- TASK
The required output is the stretch from the line containing "大家好,小源来为大家解答以上" through the line containing "Estudio con entrada" in the records below, unaltered and with no pictures.
** Opening SUPPLIED RECORDS block **
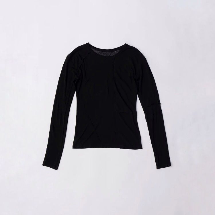2枚重ねでインナー側が透けるニュアンス感がキャッチーな印象に。綿でしか出せないリラックス感とタイトなシルエットのモード感が両立した大人な一着。インナー側にはダーツ、アウト側にはアシメな切り替えが入っている仕様です。サイズ感も襟ぐりや袖口、裾にインナーがのぞくように差寸を付けたデザインになっています。
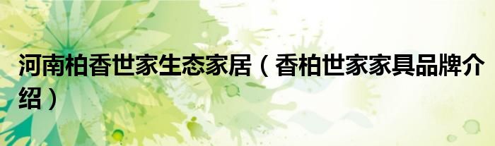 大家好,小源来为大家解答以上问题。河南柏香世家生态家居,香柏世家家具品牌介绍很多人还不知道,现在让我们一起来看看吧!
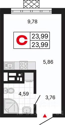 Общая площадь 35.53 м2 на 17 этаже. Этажей в доме: 28.
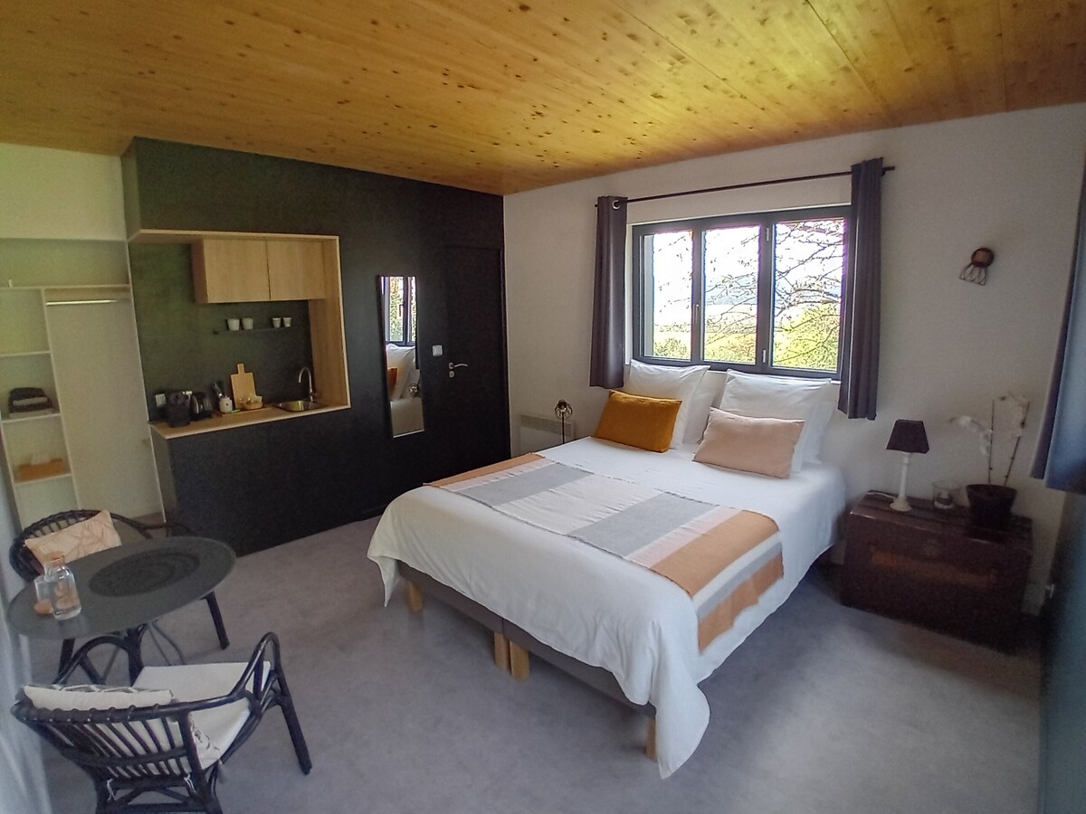 Estudio con entrada independiente situado en nuestra residencia principal con zona de estar cocina equipada, zona de escritorio, baño con ducha con inodoro, cama king size situado en altillo. El jardín de la casa contiguo al estudio y puesto a su disposición, terreno de petanca. Se admiten animales con mucho gusto siempre que se incluyan en la reserva. Este alojamiento no es adecuado para personas con dificultades de movilidad: acceso por escalera y altillo escalera (foto)
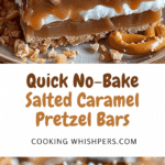 These Quick No-Bake Salted Caramel Pretzel Bars are one of my go-to desserts when I want something fast, easy, and absolutely delicious. I love the contrast of creamy caramel, fluffy topping, and salty pretzel crunch — it’s pure bliss in every bite. Whether I’m hosting guests, making a treat for my family, or just indulging in a little self-care dessert, these bars always hit the spot. Simple, elegant, and totally addictive — this recipe is one I’ll make again and again.
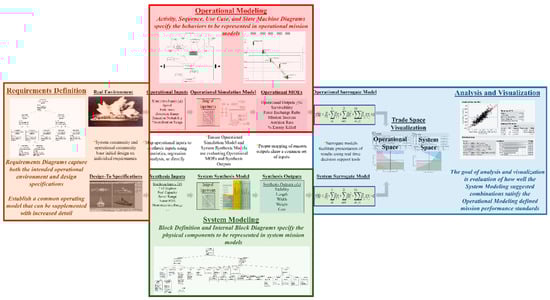 Recent MBSE research, in particular [,,,,], has focused on expanding the conceptualization of MBSE beyond the development of system architecture models utilizing SysML to the development of system synthesis models, operational system models, and tradespace visualization based on an existing system architecture. That work has, often necessarily, restricted model development and analysis to a single demonstration of either a system synthesis system model or an operational simulation model.
** Closing SUPPLIED RECORDS block **
- ANSWER
 大家好,小源来为大家解答以上问题。河南柏香世家生态家居,香柏世家家具品牌介绍很多人还不知道,现在让我们一起来看看吧!
 Общая площадь 35.53 м2 на 17 этаже. Этажей в доме: 28.
 Estudio con entrada independiente situado en nuestra residencia principal con zona de estar cocina equipada, zona de escritorio, baño con ducha con inodoro, cama king size situado en altillo. El jardín de la casa contiguo al estudio y puesto a su disposición, terreno de petanca. Se admiten animales con mucho gusto siempre que se incluyan en la reserva. Este alojamiento no es adecuado para personas con dificultades de movilidad: acceso por escalera y altillo escalera (foto)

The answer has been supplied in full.